Worst-Case Scenario: If gross margins continue to decline and the company fails to achieve profitability, the stock could fall to its 52-week low of $26.96, representing a -63.4% decline from the current price of $73.66. This scenario could be triggered by a major contract loss, cost overruns, or a broader economic slowdown reducing demand for critical infrastructure projects. The historical max drawdown of -31.16% provides a less severe but still significant downside reference.
FAQ
The primary risk is margin compression: gross margin fell from 21% in Q3 2025 to 6.4% in Q4 2025, and if it remains low, the company may continue to report net losses. Financial risk is high due to a debt-to-equity ratio of 2.43, though free cash flow of $218.9 million provides some buffer. Market risk includes the stock's high volatility (max drawdown -31.16%) and a short ratio of 3.69 days, indicating bearish sentiment. Company-specific risks include revenue concentration in cyclical sectors and dependence on fixed-price contracts that can lead to cost overruns.
The 12-month outlook is bullish with a base case target of $100-$120 (50% probability), assuming revenue growth moderates to 25-30% and margins stabilize. The bull case (30% probability) targets $120-$133 if margins recover to 20%+ and profitability is achieved. The bear case (20% probability) sees the stock falling to $27-$50 if margins deteriorate further. The most likely scenario is the base case, where the stock appreciates but faces headwinds from margin uncertainty. Key assumptions include gross margin recovery and sustained revenue growth above 25%.
Based on price-to-sales, LGN appears undervalued at 1.00x, near the low end of its historical range of 2.5-3.5x. However, the forward P/E of 41.5x is elevated, implying the market expects a significant earnings turnaround. The PEG ratio of 0.04 suggests the stock is cheap relative to expected growth, but this relies on achieving the $3.06 EPS estimate. Compared to the Engineering & Construction industry average P/S of ~1.0x, LGN is fairly valued on sales, but on earnings it is expensive given current losses. The valuation implies the market is pricing in a successful margin recovery.
Legence Corp offers a high-risk, high-reward opportunity. With 41.6% YoY revenue growth and a P/S ratio of 1.00x near historical lows, the stock appears undervalued relative to sales. Analysts are bullish, with an average target implying 72% upside. However, the company is unprofitable with a net loss of -$32.7 million in Q4 2025 and gross margins that collapsed to 6.4%. The stock is suitable for investors who can tolerate volatility and have a long-term horizon; it is not appropriate for conservative or income-focused investors. The biggest risk is that margins do not recover, leading to further downside.
LGN is better suited for long-term investment (3-5 years) given its growth stage and high volatility.

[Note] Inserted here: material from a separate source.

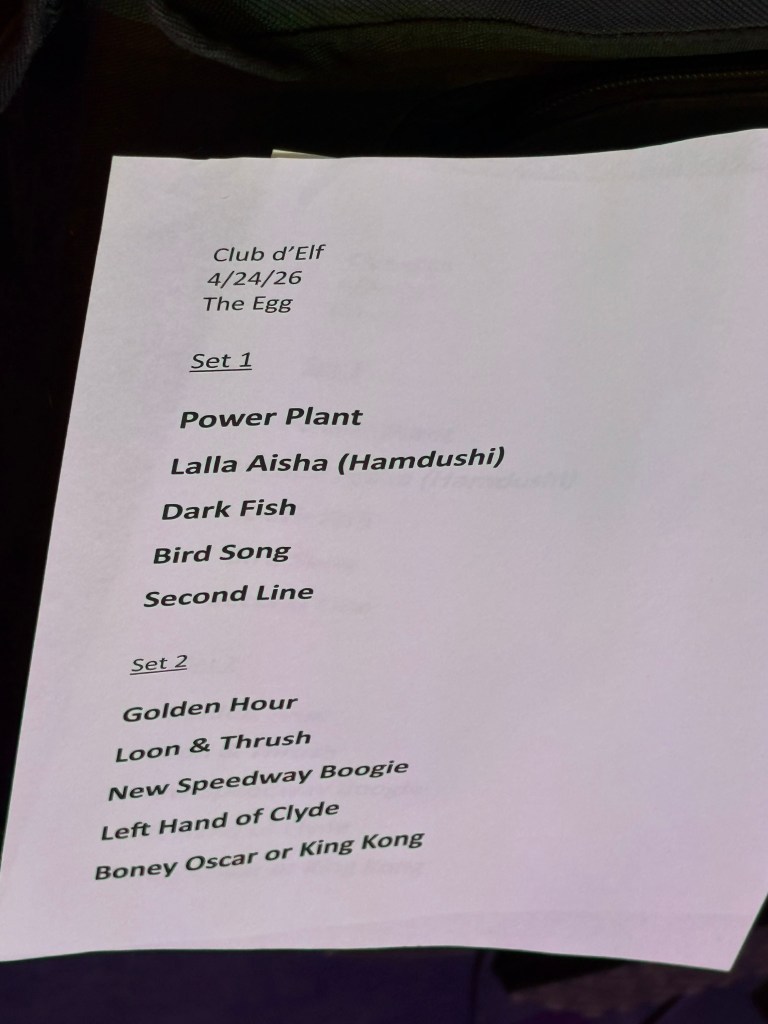 Afterward, Rivard dedicated “Bird Song” to Moroccan-born Brahim Fribgane who brought gnawa trance rhythms into Club D’Elf’s music before his death in 2024.

The stock has a beta not provided, but its 31.16% max drawdown and 65.5% 6-month gain indicate significant price swings. Short-term trading is risky due to the recent 8.7% monthly decline and high short interest. The company does not pay a dividend, so total return depends on capital appreciation. A minimum holding period of 2-3 years is recommended to allow for margin recovery and earnings growth to materialize. Investors should monitor quarterly earnings closely for signs of improvement.